Arctos Partners
- Industry: Sports management
- Founded: 2019; 7 years ago
- Founder: Ian Charles David "Doc" O'Connor
- Parent: KKR & Co.
- Website: www.arctospartners.com

= Arctos Partners =

American sports and venue management company

Arctos Partners is an American private equity firm founded in 2019 by Ian Charles and David "Doc" O'Connor, and primarily invests minority stakes in sports franchises.

In 2020, Theo Epstein, the former general manager for the Boston Red Sox and Chicago Cubs, joined the company and served as a strategic advisor for the company's ventures into baseball and partnership with Fenway Sports Group. In January 2026, KKR & Co. acquired the company in a deal which valued Arctos at $1 billion.

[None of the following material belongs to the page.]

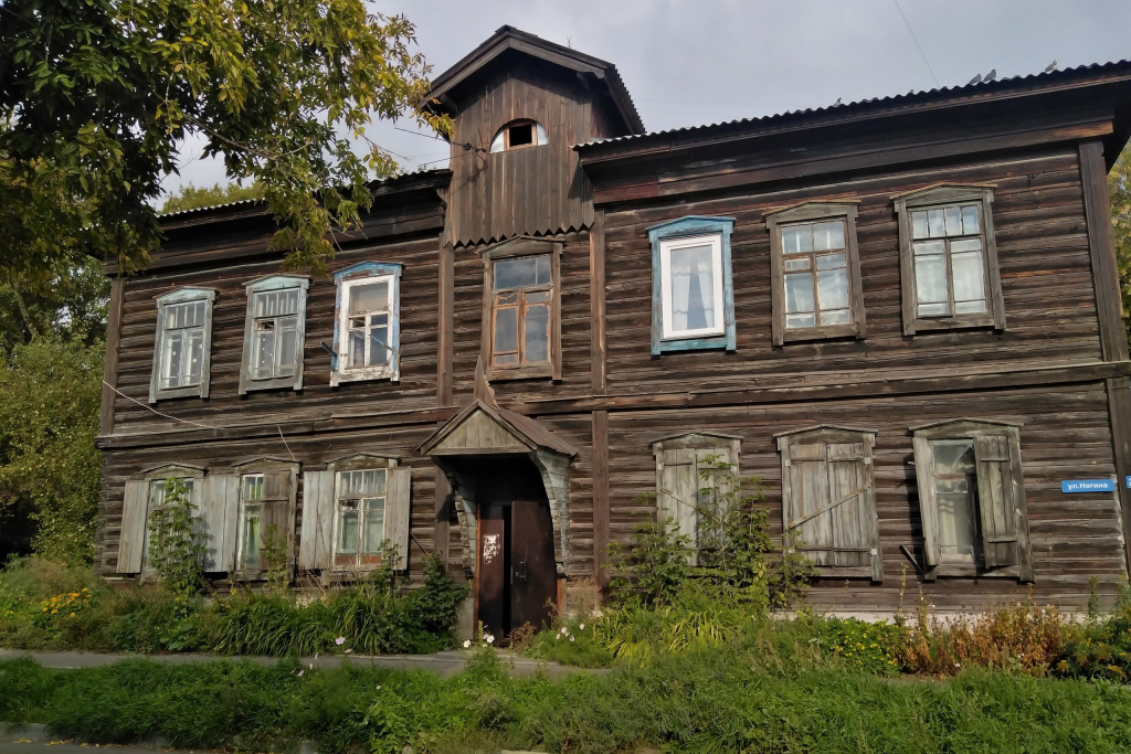 Поднявшись от Владимировской по Ногина, вы увидите старинную деревянную двухэтажку, построенную в 1928 году. У неё сохранился исторический козырёк над входом в подъезд. Здание пока не имеет охранного статуса. Но кто знает, вдруг на него обратят внимание и сохранят для потомков, как пример городской застройки Ново-Николаевска.
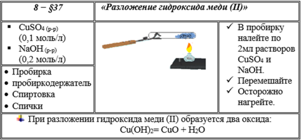 Педагогический эксперимент был реализован в процессе изучения темы «Основные классы неорганических соединений». Организация демонстраций осуществлялась с помощью специальных инструктивных карточек. В них содержалась информация о теме опыта, ссылка на соответствующий параграф учебника химии для 8 класса (автор Н.Е. Кузнецова), список необходимого оборудования и реактивов, пошаговый алгоритм действий, а также вопросы для контроля и закрепления материала (Рисунок 3).

== Brands and properties ==
Arctos owns majority stakes in a number of professional sports teams, including the following:

| Team | League | Year Acquired | Ownership Percentage | Investment Amount | Notes |
|---|---|---|---|---|---|
| Akron RubberDucks | Minor League Baseball (Eastern League (Double-A)) | 2025 |  |  | Through Prospector Baseball Group(PBG) |
| Atalanta BC | Serie A | 2022 |  | $36M |  |
| Boston Red Sox | Major League Baseball (MLB) |  |  |  | Through investment in Fenway Sports Group |
| Buffalo Bills | National Football League (NFL) | 2024 | 10% | $560M |  |
| Chicago Cubs | Major League Baseball (MLB) |  |  |  |  |
| Golden State Warriors | National Basketball Association (NBA) | 2021 | 8% originally, but increased to about 13% | $715M |  |
| Houston Astros | Major League Baseball (MLB) |  |  |  |  |
| Jacksonville Jumbo Shrimp | Minor League Baseball (International League (Triple-A)) |  |  |  | Through Prospector Baseball Group (PBG) |
| Joe Gibbs Racing | NASCAR |  |  |  | Minority stake along with Harris Blitzer Sports & Entertainment |
| Lancaster Stormers | Minor League Baseball (Atlantic League of Professional Baseball (Independent league)) |  |  |  | Through Prospector Baseball Group (PBG) |
| Liverpool F.C. | Premier League |  |  |  | Through investment in Fenway Sports Group |
| Los Angeles Chargers | National Football League (NFL) | 2025 | 8% |  |  |
| Los Angeles Dodgers | Major League Baseball (MLB) |  |  |  |  |
| Minnesota Wild | National Hockey League (NHL) |  |  |  |  |
| New Jersey Devils | National Hockey League (NHL) |  |  |  | Through investment in Harris Blitzer Sports & Entertainment |
| Paris Saint-Germain FC | Ligue 1 | 2023 | 12.5% | €530M |  |
| Philadelphia 76ers | National Basketball Association (NBA) |  |  |  | Through investment in Harris Blitzer Sports & Entertainment |
| Pittsburgh Penguins | National Hockey League (NHL) |  |  |  |  |
| Sacramento Kings | National Basketball Association (NBA) | 2021 | 17% | $306M | Purchased some shares from Shaquille O'Neal in 2022 after he had a conflict of interest |
| San Diego Padres | Major League Baseball (MLB) |  |  |  |  |
| San Francisco Giants | Major League Baseball (MLB) |  |  |  |  |
| Tampa Bay Lightning | National Hockey League (NHL) | 2023 |  |  | Sold in 2024 |
| Utah Jazz | National Basketball Association (NBA) |  |  |  | Through Smith Entertainment Group (SEG) |
| Utah Mammoth | National Hockey League (NHL) |  |  |  |  |
| Washington Capitals | National Hockey League (NHL) | 2025 |  |  | Through Monumental Sports & Entertainment |
| Washington Mystics | Women's National Basketball Association (WNBA) | 2025 |  |  | Through Monumental Sports & Entertainment |
| Washington Wizards | National Basketball Association (NBA) | 2025 |  |  | Through Monumental Sports & Entertainment |

Arctos also has investments outside of sports franchises, including investments in SeatGeek; DraftKings; and 359 Capital. In addition, Arctos has shares in the Professional Lacrosse League and college sports firm, Elevate.